Less known may be that in its data storage and query engine, Snowflake uses two technologies: vectorized query execution and lightweight compression methods in its columnar data storage. Both were techniques pioneered in CWI’s Database Architectures group, but now popular in analytical database systems. One of the group’s PhD graduates developing those technologies, was Marcin Żukowski, who would later co-found Snowflake in 2012.
How do look back on your time at CWI?
“For decades now, CWI’s data research group is considered to be one of the most interesting ones doing research in the database space, in particular around the performance aspects. As such, being there was great fun, as there were always many interesting, often controversial, and sometimes a bit crazy ideas flying around. With MonetDB, the group also had a history of building sizable software projects. This environment helped us build our new system, called X100. I would probably never come up with the idea that became the basis for the vectorized execution if I didn't work on MonetDB.”
When you were at CWI, did you ever realize that the technology you were working on would grow out to this level?

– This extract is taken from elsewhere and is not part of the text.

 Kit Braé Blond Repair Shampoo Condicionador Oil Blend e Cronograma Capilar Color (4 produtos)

“It was clear to me - and everyone else in this field at some point - that it would become the storage format for analytical databases. MonetDB for sure was one of the first ‘real’ systems doing it. Also, column storage evolved a lot, and has different forms, and it’s hard to clearly define what a ‘column store’ exactly is.”
“As for vectorized execution, I knew it has amazing potential. So, it was not surprising when we started hearing that multiple systems from various major corporations started incorporating these ideas into their products. It’s amazing to see even now, after 15 years, new systems are being built citing X100 as their main inspiration. The recent Databricks announcement on their Delta Engine is an example of this.”

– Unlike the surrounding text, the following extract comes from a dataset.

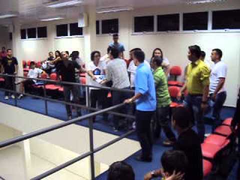 Até o momento da abertura da primeira faixa, tudo transcorria na normalidade, mas, na ocasião em que dois manifestantes abriram a segunda faixa, pedindo prisão dos condenados na Operação "Pororoca" - principalmente de Rosemiro Rocha -, seguranças e assessores do prefeito Robson Rocha, sob o comando do seu primo, conhecido como "Chico Papel", partiram para cima dos manifestantes e tentaram rasgar as faixas, empurrando os jovens que protestavam.

“So yes, for sure, column stores and vectorized execution are two of the fundamental techniques behind Snowflake's success. The main engine is superfast in large part thanks to these two techniques.”
What made you decide to do your PhD research at CWI?

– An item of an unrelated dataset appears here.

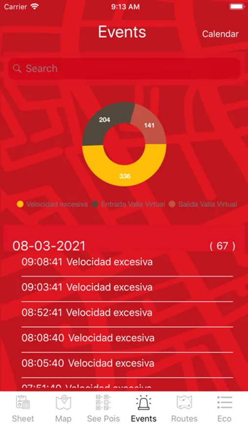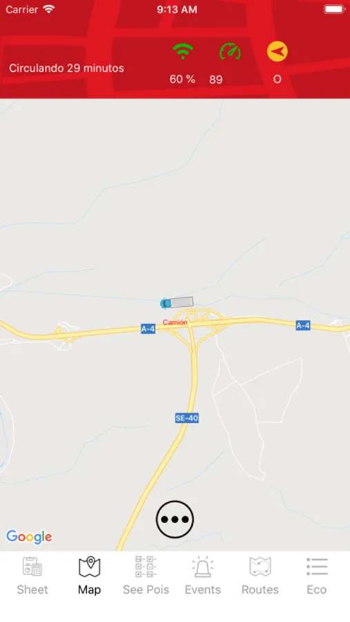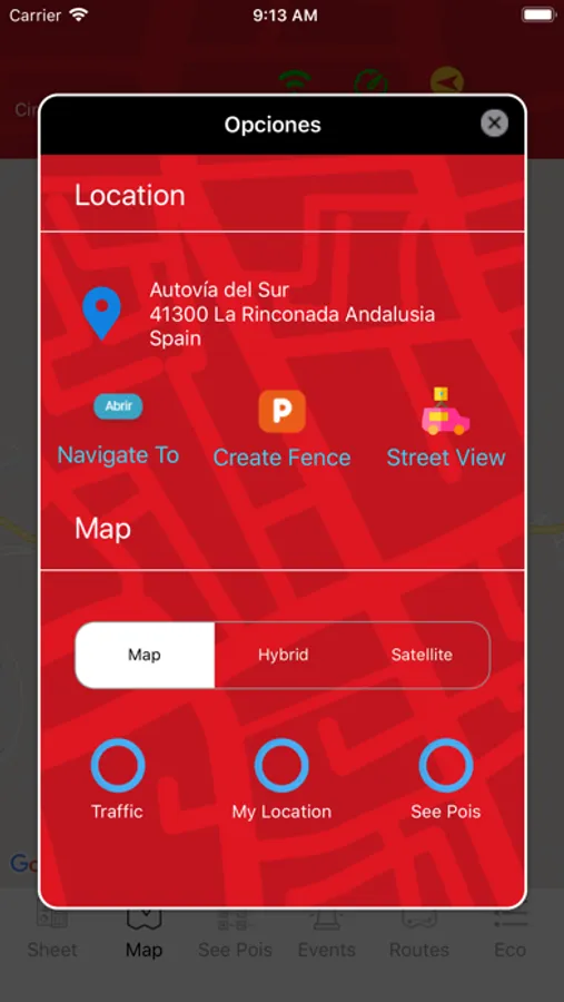 Esta aplicación le permite varios modos de visualización de la cartografía: Vista de mapa, vista de satélite, etc. Y podrá activar la capa de información de tráfico en tiempo real para observar las condiciones de circulación de todos los vehículos de su flota o planificar las rutas adecuadas en cada caso.

“First of all, there was so much luck involved here. First, I decided to come to Amsterdam for the final year of my studies. I wanted to do a MSc thesis in databases, but more on the theory side. My professors at the Vrije University (prof. Henri Bal in particular) suggested I should talk to CWI’s Data Architectures group, as they are go-to database folks in Amsterdam. They quickly convinced me that a more practical research is a better idea. All these little things pointed me to getting into this field.”
Did your PhD research at CWI meet your expectations?
“CWI’s Data Architectures group has a strong focus on performance, and also they had MonetDB, a great system for testing new ideas. That let me learn a tremendous amount during my MSc stay, and some of the very core ideas for what later became X100/Vectorwise were formed then.”
“During PhD, it was great to be surrounded by some students with similar focus, but also some working in adjacent fields. For example, my best friend from PhD, Roberto Cornacchia, worked on a system built on top of MonetDB or X100, and he challenged us, as a user, to make our system more functional and better.”
“The one thing that made this all come together was my relationship with Peter Boncz, first as a teacher and mentor, then as a lifetime friend. We “clicked”, and I think together we were able to tackle really hard problems quite well. I was so, so lucky to find him.”
Do you have any advice for other researchers, or students who want to follow in your footsteps?
“My best advice is to go on internships. Too few students in Europe do that. Another advice would be to work with others. It’s very rare that a single idea is enough to make a big change. You need many ideas to build something meaningful, so you need many people. Finally, find real applications for your technology, and search for problems real users have that researchers rarely tackle.”